Arriving, he was ushered—perhaps I should say propelled—into the presence of Mrs. F. Fodderwood Bass. She greeted his appearance coosomely. Or is cooingly the right word? At any rate, she cooed her approval; she cooed beautifully, anyhow. With open pride she directed the attention of certain of her associate patronesses to the little huddled shape of Cassidy’s prisoner.
“Ah, there he is!” she said. “My Pet Charity! So improvident, so shiftless; but isn’t he just too picturesque!”

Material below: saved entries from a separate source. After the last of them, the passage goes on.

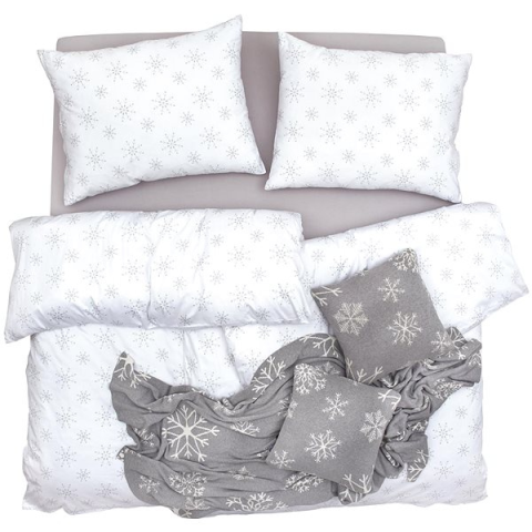 Scanquilt SATÉN PLUS ágyneműhuzat, hópelyhek, fehér-szürke 140 × 200/70 × 90 cm lakástextília termékleírás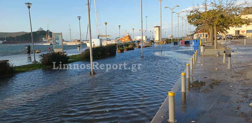 Απίστευτες εικόνες στην Μύρινα,σήμερα το πρωί από τους θυελλώδεις άνεμους η στάθμη του νερού ανέβηκε και κάλυψε το λιμάνι
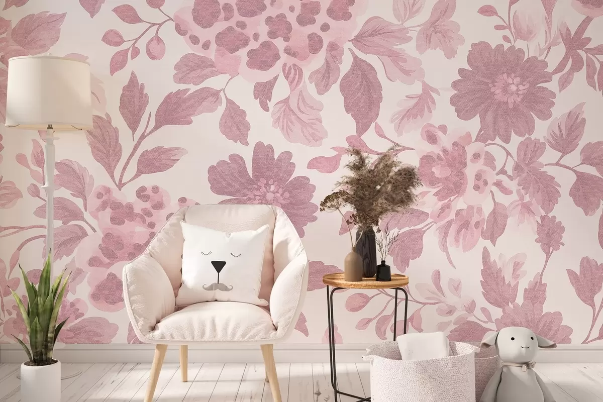 Fototapeta Kwiaty w stylu boho z nadrukiem lamparta, kolor różowy Nr w04114v3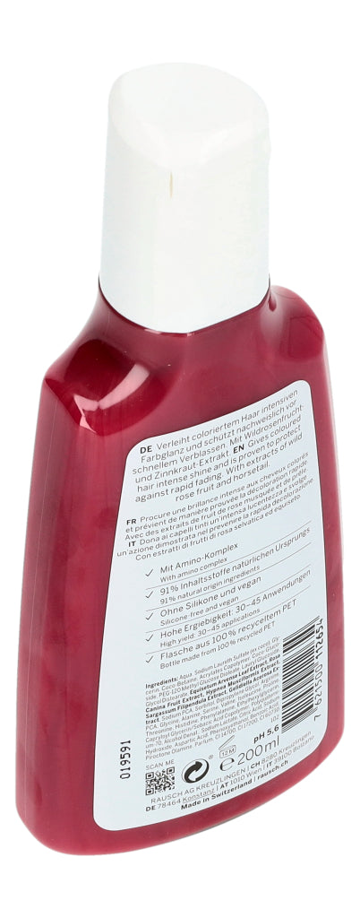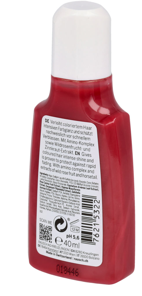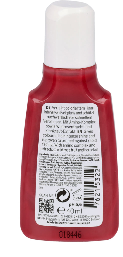 Das Farbschutz-Shampoo mit Wildrose ist sehr ergiebig. Eine Flasche reicht je nach Haarlänge für 30 – 45 Anwendungen. Die Formulierung besteht zu 91 % aus Inhaltsstoffen natürlichen Ursprungs, ist vegan und silikonfrei. Die Extrakte werden im hauseigenen Extraktionsverfahren in Kreuzlingen in der Schweiz hergestellt. Hier wird auch das Shampoo entwickelt und produziert.
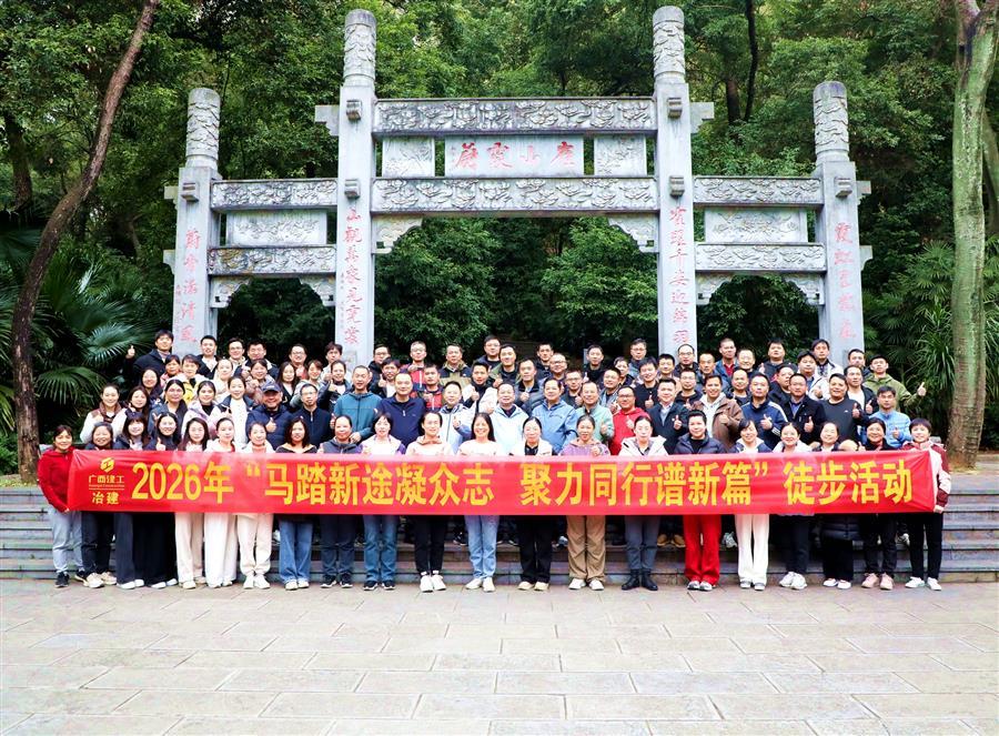 新年伊始,萬(wàn)象更新。1月4日,冶建公司以一場(chǎng)主題為“馬踏新途凝眾志,聚力同行譜新篇”迎新徒步活動(dòng),正式拉開(kāi)2026年奮斗征程的序幕。公司董事長(zhǎng)、黨委書(shū)記覃振華,總經(jīng)理、黨委副書(shū)記蒙勝益,在家領(lǐng)導(dǎo)班子成員賴(lài)海標(biāo)、廖立波、韋克雪、葉益華帶領(lǐng)本部職工闊步前行。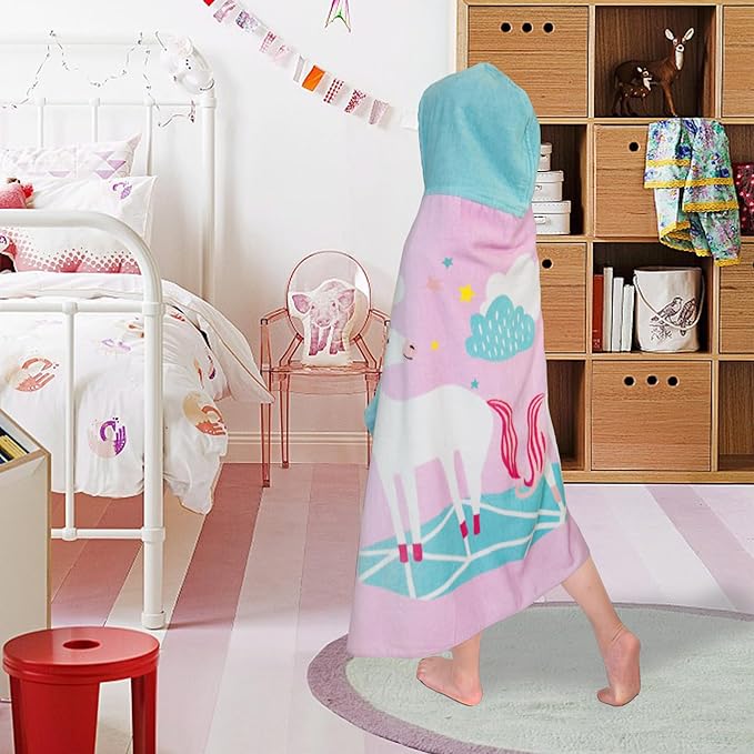 Kids Bath Towel Hooded - Cotton Kids Beach Towel 30"x50" for Ages 3 to 10, Toddler Towels with Hood Snaps, Soft Terry Poncho Towel as Pool Swim Cover Ups for Girls Boys (Unicorn Pink)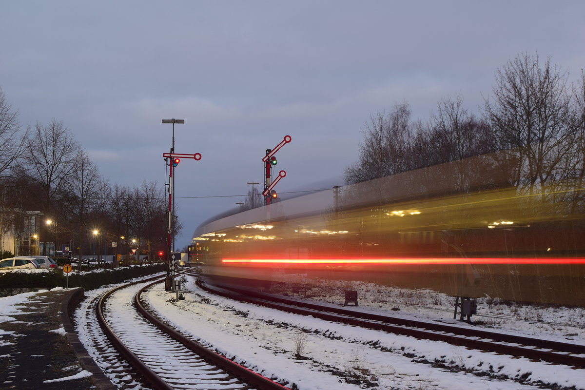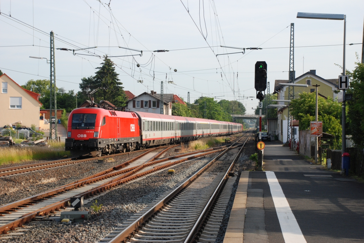 Unterdessen läuft der Verkehr in nördlicher Richtung über Gleis 1, das gerade von einem anderen ICE-T befahren wird.
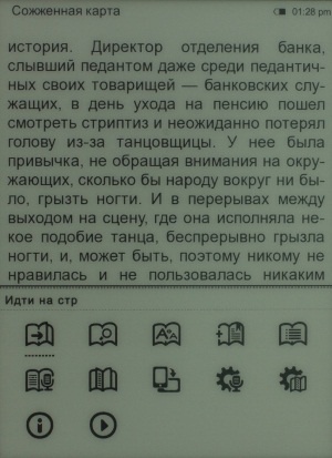В процессе чтения пользователю доступны такие функции как поиск по тексту, переход на определенную страницу, изменение параметров отображаемого текста. Так пользователь может выбрать с 8 размеров шрифта и 5 его стилей, тот, который ему подойдёт наиболее. Также можно подобрать подходящий вариант межстрочного расстояния и ширину полей. Здесь же можно воспользоваться функцией перехода к содержанию книги, добавлению закладки и переходу от книжного отображения к альбомному.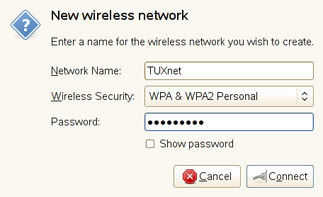 In the dialog that opens, enter the ESSID and set encryption parameters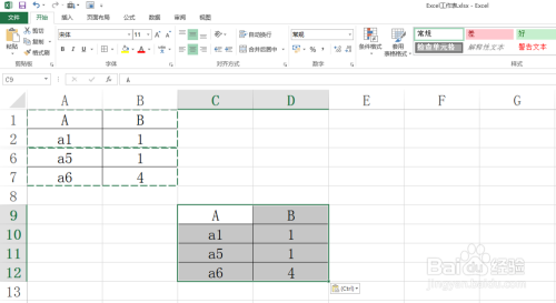 此时我们若是复制A1:B7区域粘贴会将埋没内容一路复制。若不想复制埋没的内容,首先框选A1:B7区域。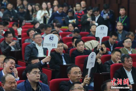 資料圖:南京拍賣會現(xiàn)場,房企競相舉牌。 中新社記者 泱波 攝

Levelling their lorgnettes on him, her friends agreed in chorus that he was very picturesque. They wondered, though, why he wriggled so.
“The dearest, gentlest little man!” continued Mrs. F. Fodderwood Bass in clear, sweet tones. “So diffident, but so grateful for everything—the poor, tattered dear! He never says a word to me when I talk to him; but by the look in his eyes I can tell he is fairly worshipping the ground I walk on.”
As if to prove the truth of what she said [282] Papa Finkelstein’s gaze even now was directed upon the floor at her feet.
“Now, Cassidy,” went on his mistress, “you take him into one of the dressing rooms yonder and have him undress. It’s too bad nearly everything has been picked over; but we shall find something for him, I’m sure.”
Within a curtained recess Cassidy explained his meaning with threatening mien.
“Take off thim rags!” he commanded.
Rags they may have been, but Papa Finkelstein cherished them. Reluctantly he parted with them, filled with the melancholy conviction that he should see them never more. It was a true foreboding. But that was not the worst of it. Papa Finkelstein was in figure slight and of a contour difficult to drape garments upon. Moreover, it was as his benefactor had said—everything had been picked over so. Nevertheless, a selection agreeable to the lady’s ideals was finally made.
Fifteen minutes passed. At the end of those fifteen minutes Papa Finkelstein, under the menacing urgings of Footman Cassidy, made a diffident but spectacular reappearance before the Bundle Day audience. His head was bent apologetically low, so that his whiskers, spraying upon his bosom, helped to cover him. His two hands were spread flat upon his chest, hiding still more of his abashed shape. Nevertheless, it might be discerned that Papa Finkelstein wore the abandoned cream-coloured [283] whipcords of somebody’s chauffeur—very abandoned and very cream-coloured, the whole constituting a livery, complete, from the visored cap upon his head to the leather puttees reefed about his bowed shanks.